Authors
Jean-Pierre LaffontRenowned documentary photographer Jean-Pierre
Laffont has been a transplanted resident from Paris to New York City since 1965. In his travels that have documented the entirety of America and
its social forces -- as well as those around the world from 1960 to 1990 -- he has squarely focused his camera on his new “hometown” New York City. Demonstrating the people, places, and events
with the same insight that he has the rest of the world, here is an elegant,
incisive, and unexpected “review” of forty years of exploration by one of the
most revered documentarians working today. Just as he explored the explosive, the calm, the social, the environment, in his prize-winning book, Photographer’s Paradise, this book is filled with
the highs and lows of New York city life.
Not a commentary on the high end versus the low end of lifestyles, it is instead a commentary on the ups and downs socially, politically, and visually that have taken place in the city he loves so much, through the eyes of a devoted viewer, over the past 40 years.
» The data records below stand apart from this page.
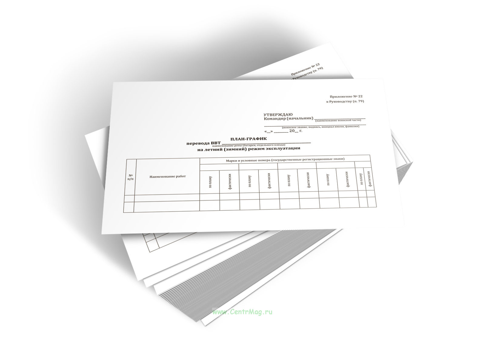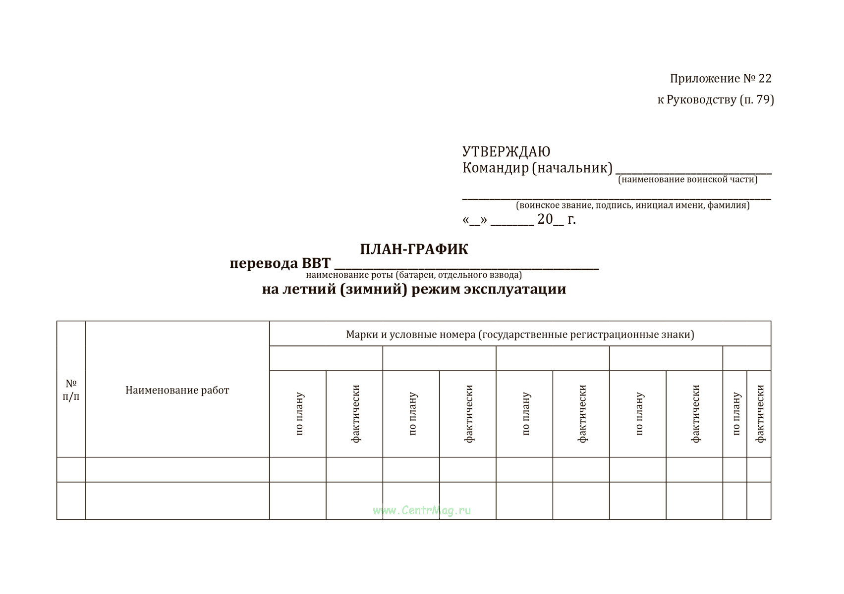 Форма План-графика перевода ВВТ на летний (зимний) режим эксплуатации соответствует Приложению № 22 Приказу Министра обороны РФ от 28.12.2013 N 969 "Об утверждении Руководства по содержанию вооружения и военной техники общевойскового назначения, военно-технического имущества в Вооруженных Силах Российской Федерации"
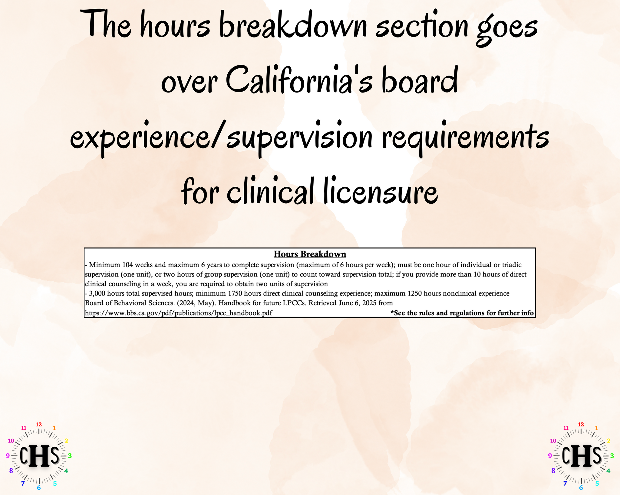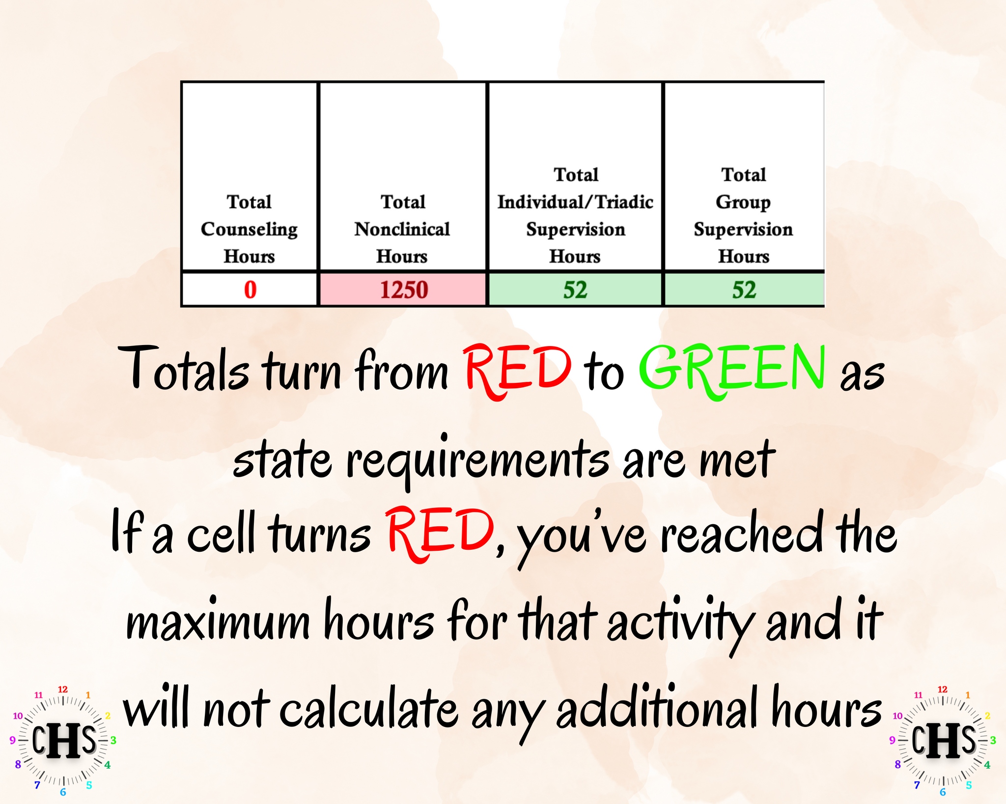 Use this clinical hours tracker and easily start recording your hours towards becoming a Licensed Professional Clinical Counselor in CALIFORNIA! This supervision template is completely custom AND requirement compliant with the state counseling board rules and regulations! Use Microsoft Excel and/or Google Sheets to easily log your daily LPCC hours and activities! Begin your clinical supervision with ease and watch as you accrue your licensure hours and get closer towards your dreams! This spreadsheet saves you time and makes gaining your clinical hours FUN! If you currently have your California APCC or are a counseling student with an upcoming graduation and aspire to become an California LPCC – make sure you check this out! *Spreadsheet last updated June 2025*
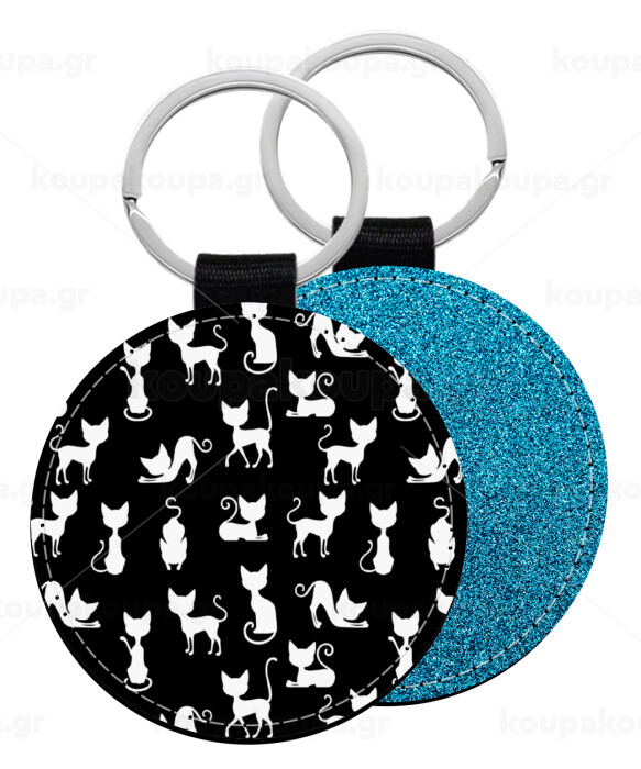 Γατούλες κυρίες, Μπρελόκ Δερματίνη, στρογγυλό ΜΠΛΕ (5cm)
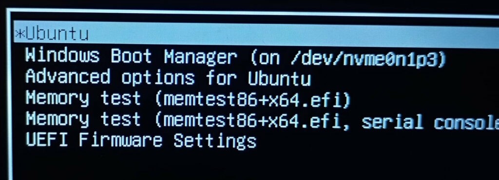 Dans le menu GRUB, choisir “Advanced options for Ubuntu”…
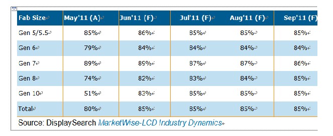 大尺寸TFT LCD面板平均產(chǎn)能利用率在2011年第一季度下降,4月份產(chǎn)能為79%。第二季度市場需求激增,面板商提高產(chǎn)能利用率,6月份將達(dá)到85%。面板商原本計劃在第三季度繼續(xù)提高產(chǎn)能,但因為實際市場情況而不得不改變生產(chǎn)策略。
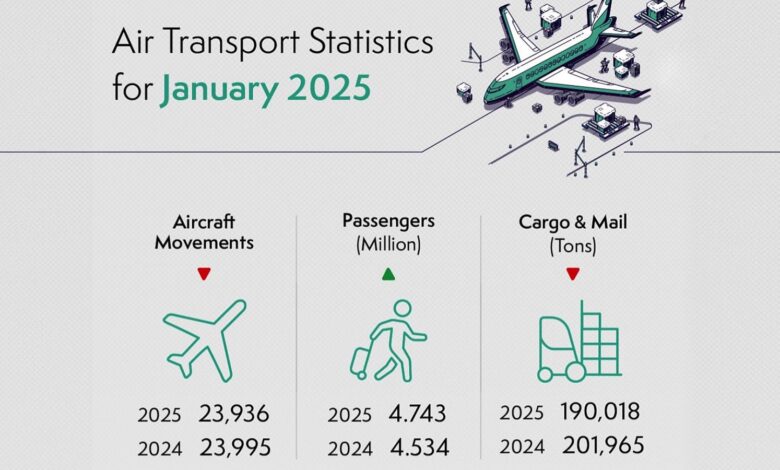 Preliminary Air Transport Statistics for the month of January 2025 indicated a slight decrease in aircraft movement of 0.2% compared to the same month last year. The number of passengers increased by 4.6% compared to January 2024.

As explained by Joan Juliet Buck, the foreword-writer who is no casual observer herself: “When the young Frenchman Jean-Pierre Laffont arrived at JFK airport in March of 1965, he was greeted by a smell of hot dogs and yellow mustard that he’d known as a child on the American army bases in Morocco, where he remembered smiling GIs giving him licorice-flavored chewing gum. He was ready to respond to New York with his heart; over the next fifty years, as he became one of the world’s top photojournalists, he never stopped tracking the city’s dream of itself. He captured the exhilaration it provokes, the disappointment it metes out. Each of the photographs in this remarkable book about the city Laffont made his home, captures the longing, the bravado, the blatancy of New York, and its monumental mess.”
This is a book not to be missed by anyone who has ever visited, would like to visit, lived in, or has any curiosity at all about the “real” New York city, as seen through the eyes of a true visionary.